O que vou fazer não reflete uma mera curiosidade social. É mais
um preâmbulo retórico para o “vocês” que se segue. Por “vocês”
subentenda-se: judeus. Tenho um repertório considerável de
respostas prontas para serem acionadas, que variam de acordo com
o humor e o interlocutor. Vão desde “comemorar, ora!” a “eu não
sou judia, sou levita”, passando por “vocês quem, cara pálida?”,
“aproveito para emendar desde Hanuká”, etc.
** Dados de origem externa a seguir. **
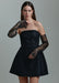 Model je bez naramenica, s odvojenim dugim rukavima od čipke, a blago definirani struk skladno prelazi u kratku A-kroj suknju, stvarajući uravnoteženu i ženstvenu siluetu.
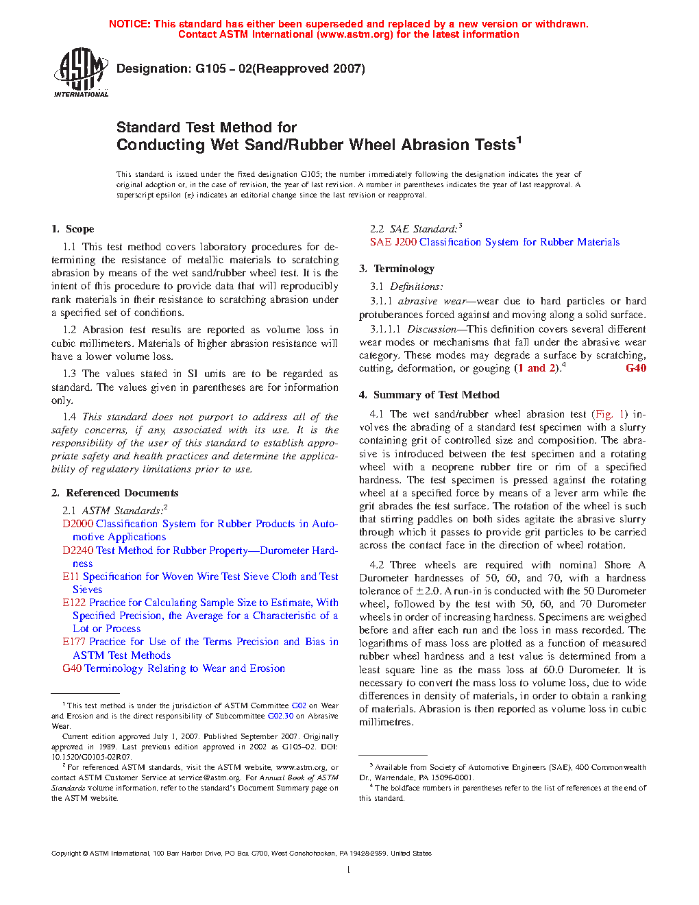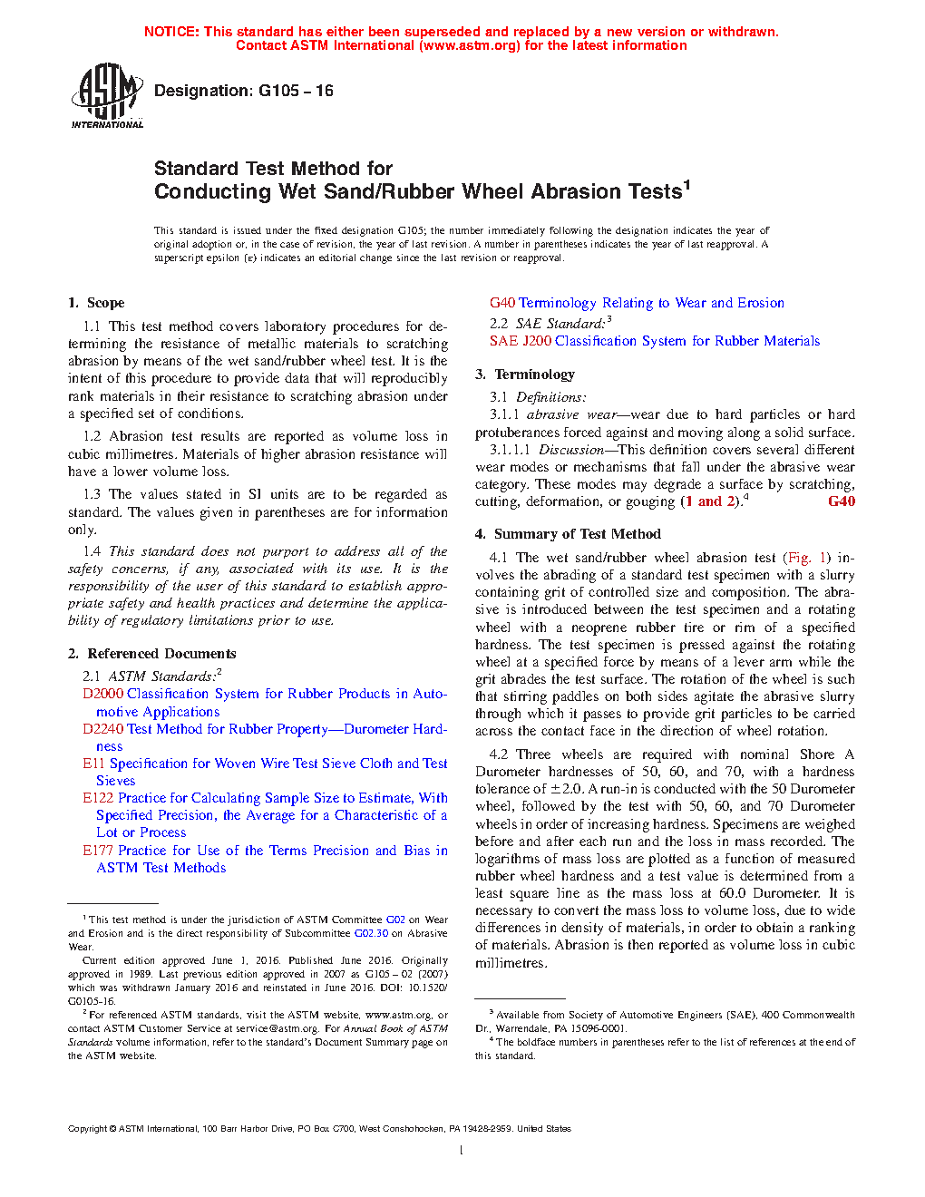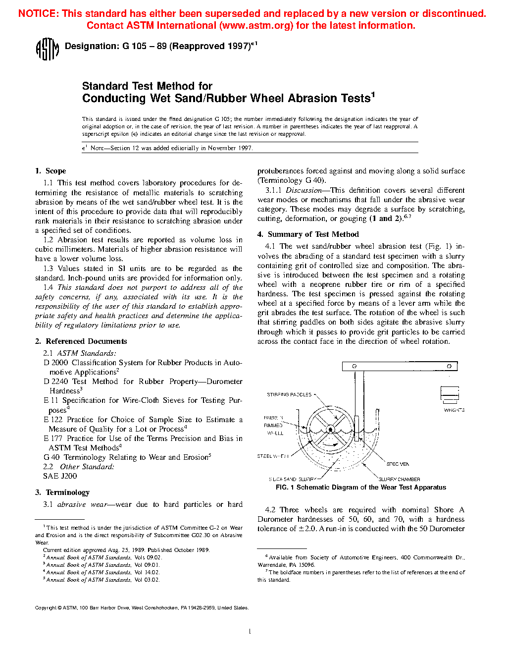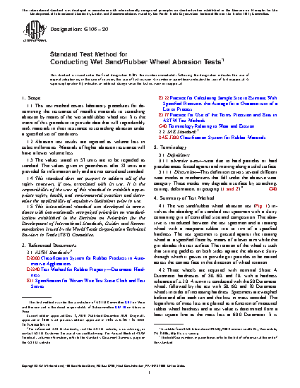 1.1 This test method covers laboratory procedures for determining the resistance of metallic materials to scratching abrasion by means of the wet sand/rubber wheel test. It is the intent of this procedure to provide data that will reproducibly rank materials in their resistance to scratching abrasion under a specified set of conditions.

Na verdade, considero o Natal e o Reveillon (sei que vou chocar
mas não resisto!) as festas cristãs mais judaicas (aproveitando
sua cara de espanto: da mesma forma que considero Iom Kipur a
mais católica das festas judaicas, por uma série de influências
conjunturais e litúrgicas desenvolvidas desde períodos
inquisitoriais que não comentarei aqui por fugir do tema
principal). Afinal, Natal comemora o nascimento de um menino
judeu e Reveillon, o brit-milá (circuncisão) do mesmo (1). Isto,
sem entrar em qualquer consideração teológica, apenas levando em
conta o aspecto Jesus - humano.
Este dado também nos conduz ao caráter simbólico do calendário
civil (ou gregoriano ou cristão): de entrada, ele já começa com
uma semana de atraso! Jesus (Ioshua, Ieshu ou Ieshua, em
hebraico) no oitavo dia de vida, na cerimônia do brit-milá
citada, recebeu seu nome e passou a fazer parte de sua
congregação: no dia 1º de Janeiro - como consta em todos os
calendários.
Natal, Hanuká, Reveillon, Rosh haShaná...
Os judeus não comemoram o Natal nem o Ano Novo como tal, embora
um Kidush e um Shehe’heianu não façam mal a ninguém nem
“agridam” nenhum preceito judaico (ou não? o que você acha?)
Rosh haShaná, o Ano Novo judaico se comemora entre setembro e
outubro (é uma data móvel, pois o calendário judaico é
luni-solar). Jesus e os primeiros cristãos também comemoravam a
data, apesar de Rosh haShaná ter adquirido maior significado no
período talmúdico, época que abrange o surgimento do
cristianismo (2). Bem posteriormente é que os cristãos passaram
a comemorar o ano novo a partir do nascimento de Jesus e
marcá-lo como início de uma nova era. Os romanos comemoravam em
outra data, bem como os chineses. Os muçulmanos o fazem a partir
de Maomé, sendo que seu calendário é só lunar. A era vulgar
(2001 d.C.) prevalece no mundo para efeitos civis.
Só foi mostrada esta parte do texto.